Galapagos Dry Season
From June to December the southern trade winds bring the colder Humboldt Current north to the Galapagos. This means that the water is cooler, and a layer of high atmosphere mist pervades the island skies.
In effect, the highlands of the larger islands are kept green and lush while the sea level islands and shorelines have little precipitation. Thus, June to December is generally called the "dry season" which is known for its blue skies and mid-day showers.
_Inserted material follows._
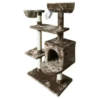 Kradsesøjle og klatremiljø til kat i beige plysstof. Modellen har flere niveauer med platforme, liggeskåle og et rør til gemmeleg. Stolperne er omviklet med sisal til kradsning.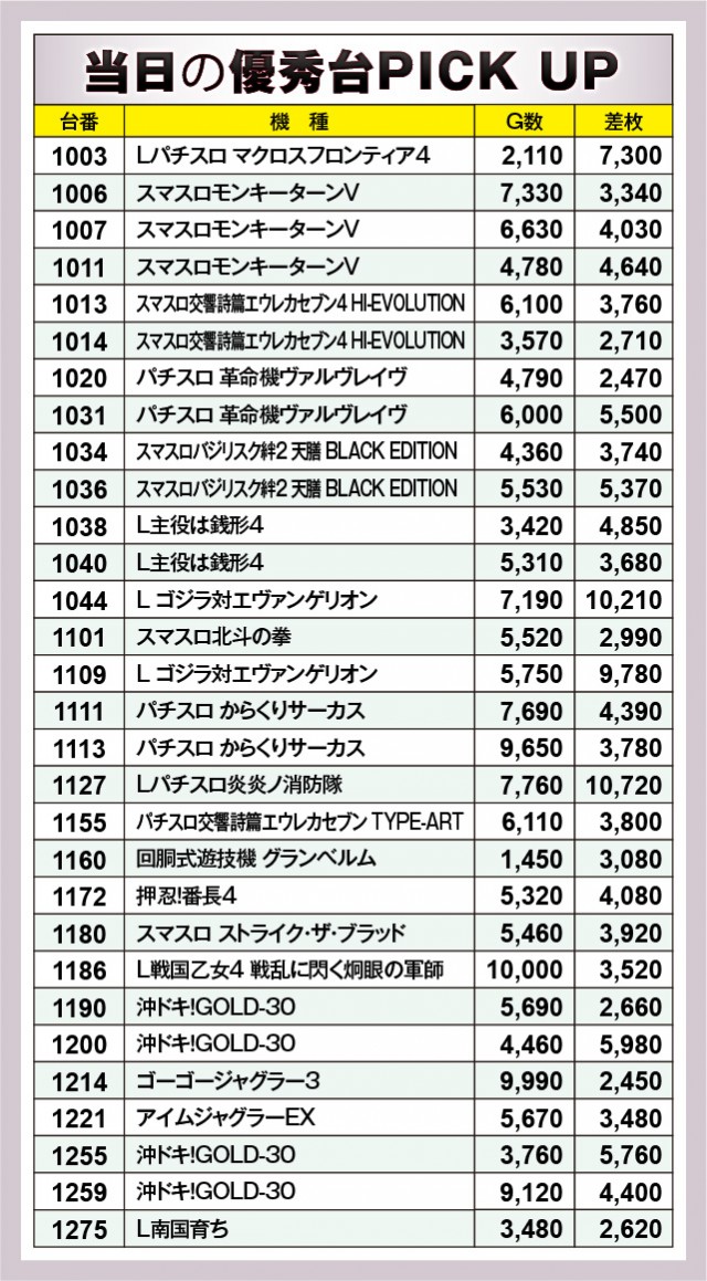 優秀台をチェックすると、大台突破台の多さに目を奪われてしまう。『L ゴジラ対エヴァンゲリオン』1044番台+10,210枚や『Lパチスロ炎炎ノ消防隊』1127番台+10,720枚と2台の万枚OVERが生まれれば、『L戦国乙女4 戦乱に閃く炯眼の軍師』では万回転OVERを確認できる。全体的に回転数と差枚数が比例した展開となっており、ファンは打ちごたえのある状況に歓喜していたことだろう。

During this season the tourists may observe a large number of species around the islands and in the sea such as giant tortoises, humpback whales, blue-footed boobies, cormorants, oyster catchers, lava lizards, Galapagos hawks, masked boobies, swallow-tailed gulls, sea lions, lava herons, brown noddies, and penguins. Due to the water temperature, it is the perfect time for diving.
Galapagos Warm Season
The time period between December and May is considered the "warm season." During this warmer season, the Galapagos' climate is more tropical with daily rain and cloudier skies. Also, the ocean temperature is warmer for swimming and snorkeling
During this season the tourists may observe a large number of species around the islands such as marine iguanas, sea turtle, land iguanas, flamingos, white-cheeked pintails, masked boobies, marine iguanas, albatross, and blue-footed boobies. Since the water's warmer, snorkeling is highly recommended during these months.
Galapagos Weather for Divers
The Humboldt Current's influence brings cold waters especially during the misty, rainy season (cool weather) from July to December. "El Niño" current may bring warm waters to the Galapagos and will make the surface warmer and rainfall increase (January to June).